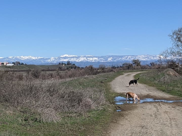 We continued on our walk. She drank from mud puddles. She at grass at the river. Tina ran hard.
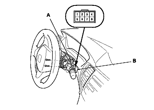 2. Disconnect the dashboard wire harness 8P connector (A) from the wiper/washer switch (B).
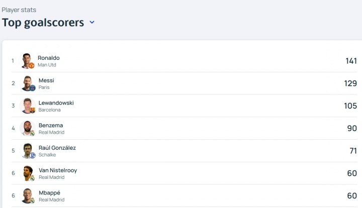 10月01日訊 皇馬5-0大勝凱拉特,姆巴佩上演帽子戲法。至此,26歲的姆巴佩在歐冠已經(jīng)打進(jìn)60球,位列歐冠歷史射手榜第6位。

________________________

- _Work required_
Going from the line that holds "2. Disconnect the" to the end of the listing above, copy each line exactly and nothing more, leaving pictures aside.

- _Response_
 2. Disconnect the dashboard wire harness 8P connector (A) from the wiper/washer switch (B).
 10月01日訊 皇馬5-0大勝凱拉特,姆巴佩上演帽子戲法。至此,26歲的姆巴佩在歐冠已經(jīng)打進(jìn)60球,位列歐冠歷史射手榜第6位。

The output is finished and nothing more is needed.